This finding was corroborated by correlative electrophysiological recordings from sensory neurons: the FSK-induced potentiation ofIheat was also significantly reduced when the InCELLect AKAP St-Ht31 inhibitor peptide was added to the ICS in the patch pipette to disrupt PKA coupling to heat-activated ion channels (Fig. 1d). This suggests that, in nociceptors, PKA-mediated potentiation of heat-activated ionic channels depends on spatial coupling of the enzyme to its target via AKAPs. We found a number of PCR products of AKAPs in rat dorsal root ganglia (Fig.4a). RT-PCR revealed expression of the vesicular AKAP220, as well as of AKAP79 (which is located in the plasma membrane and preferentially binds RII PKA subunit). In addition, mRNA for the dual dAKAP2 (binding RI and RII subunits with comparable affinity) was detected. Indirect immunocytochemistry revealed expression of AKAP220 and AKAP79 immunoreactivity in practically all neurons. In ∼80% of AKAP220-expressing cells and ∼90% of AKAP79-expressing cells, VR-1 immunoreactivity was colocalized (Fig. 4b). For dAKAP2 no antibodies were available. Although we cannot identify which AKAP contributes to PKA-mediated heat sensitization with the tools that are presently available, it may be concluded that sensory neurons possess the complete machinery for this signaling pathway.

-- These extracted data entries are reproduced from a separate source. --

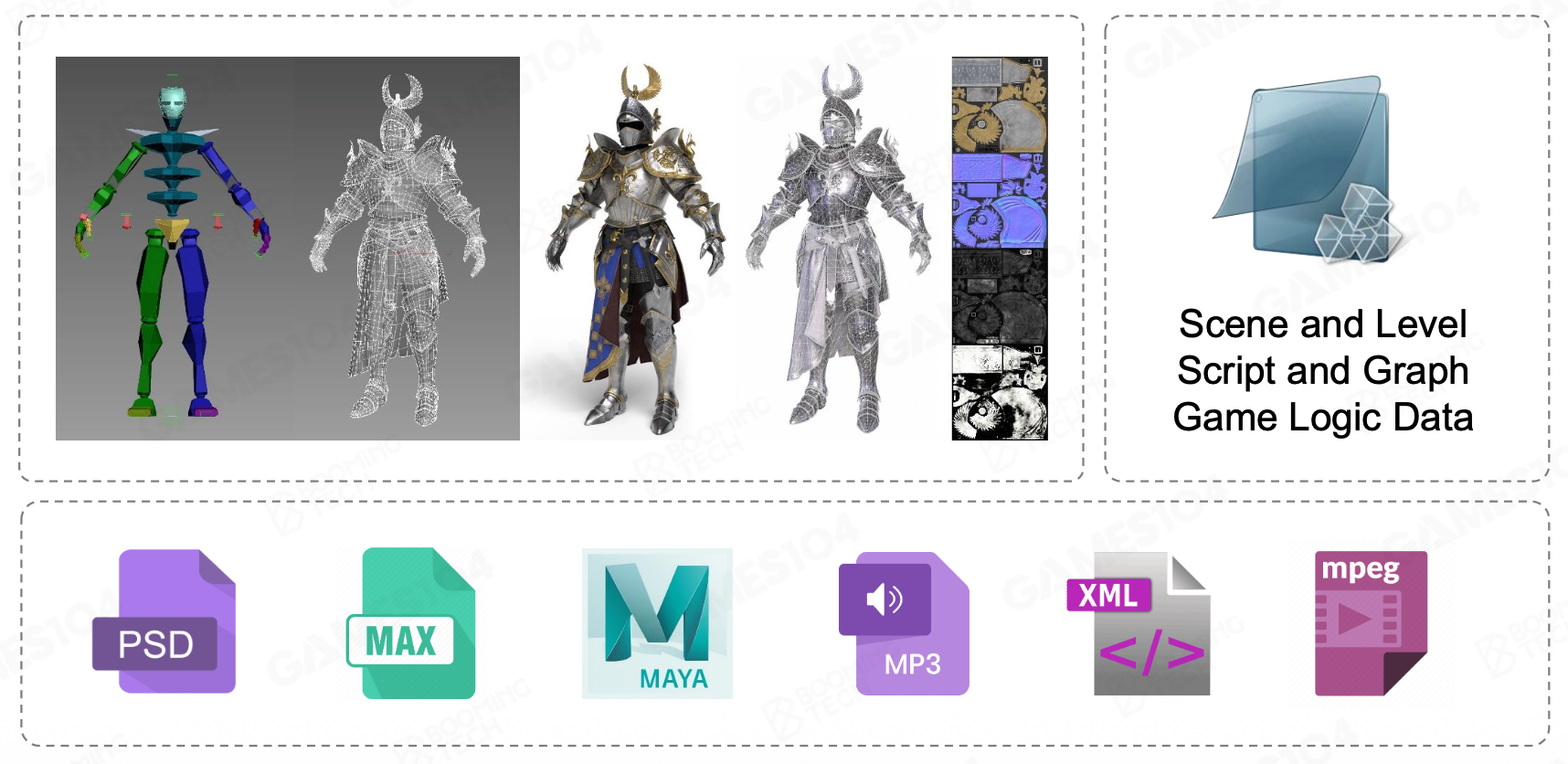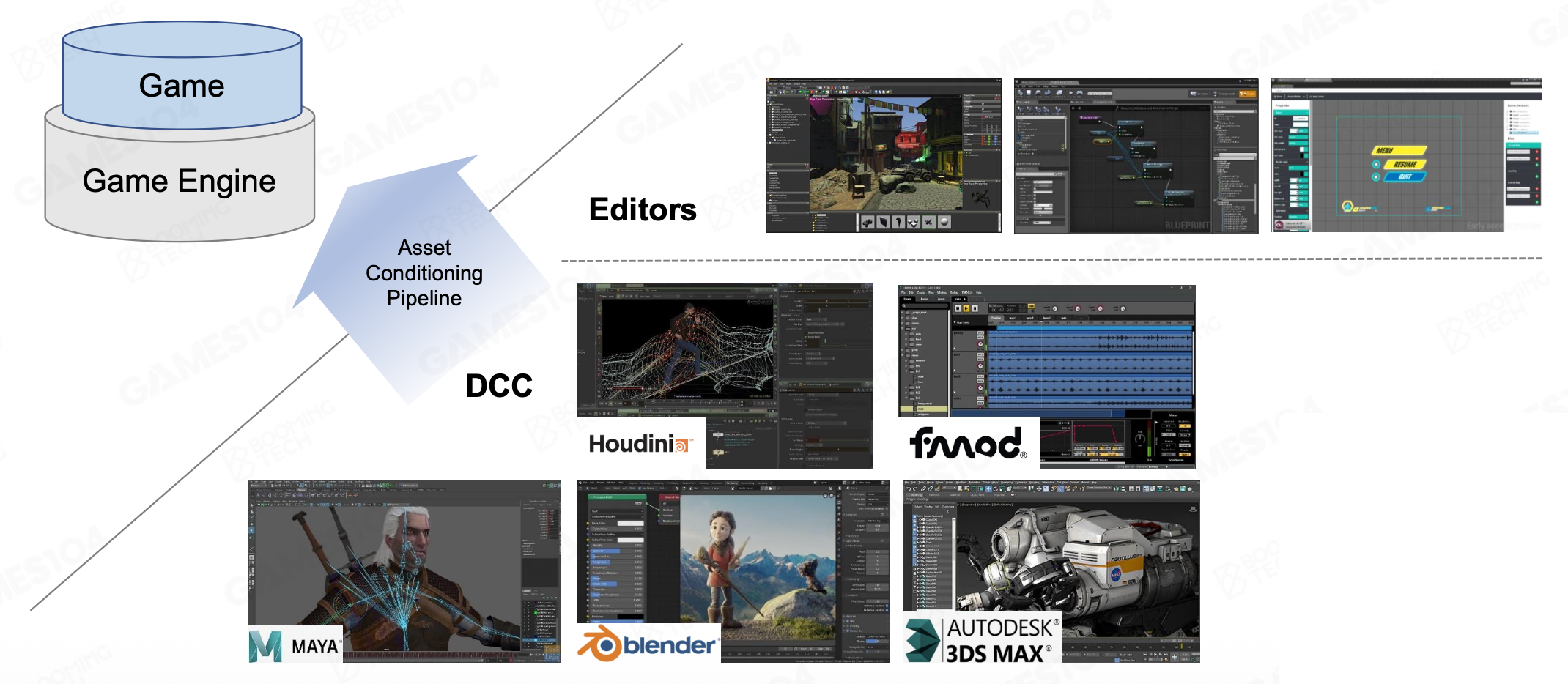 - 资产调理管线(asset conditioning pipeline):将通过别人开发的资产生产工具生成的大量数字资产和我们自己编辑生成的数字资产通过一条管线全部变成游戏统一的资产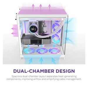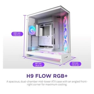 The H9 Flow is a spacious mid-tower ATX case built for high-performance builds, balancing airflow and aesthetics. Its dual-chamber design improves cooling and cable management, while perforated panels, angled fans, and ample fan and radiator support deliver optimal thermal performance.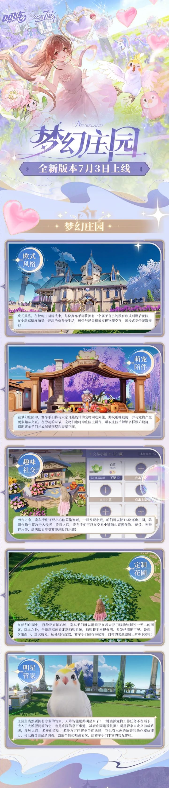 全新沉浸式萌宠相伴家园玩法「梦幻庄园」将于7月3日上线,本次更新后车手们不但能和宠物们一起播种,感受“赛博种田”的乐趣~还有淘汰赛升级版玩法——极速锦标赛全新来袭!当然,T车蓝波豚宝、A车鹦明神鹉等公测7周年福利,以及全新臻藏系列定制套装等也在等着车手们带走哦~快跟上小橘子的步伐,看看这次都有哪些新内容吧!以上就是小橘子带来的新版本内容啦!车手们最期待哪个活动呢?快来下方评论区和小橘子分享,7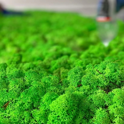 Идеален для создания объёмно-пространственных композиций, напоминающих природные ландшафты. Может также применяться в качестве дополнительного акцентного материала при создании зеленой стены из разнообразных стабилизированных трав. Прост в креплении на поверхность. Идеален для создания арт-объектов. Если Вы хотите создать стену или декор из такого мха, то цена составит от 35 000 за кв.м.

PKA-mediated phosphorylation of VR-1 potentiatesIheat in HEK293t cells
Because the multimodal signal transducer VR-1 has been suggested to be one major constituent of the heat transduction process in nociceptors, whole-cell voltage-clamp recordings were performed in HEK293t cells transiently transfected with VR-1, and FSK effects were investigated. HEK293t cells constituently express regulatory, as well as catalytic, PKA subunits, as demonstrated by RT-PCR in Figure1a. Similar to sensory neurons, FSK-induced PKA activation resulted in a considerable increase of the current response to heat (1.4 ± 0.2 to 4.3 ± 0.7 nA; p < 0.01) (Fig. 5a,b), which was prevented by intracellular application of the selective PKA inhibitor peptide PKI14–22 via the patch pipette (Fig. 5c). Intracellular equilibration with the InCELLect AKAP St-Ht31 inhibitor peptide (but not the inactive control peptide) also inhibited current potentiation by FSK completely (Fig.5d,e). We also found that HEK293t cells expressed the same AKAPs that we found previously in sensory ganglia (Fig.4a). VR-1 thus seems to resemble a potential target of PKA phosphorylation and may therefore account for the changes inIheat induced by FSK in sensory neurons.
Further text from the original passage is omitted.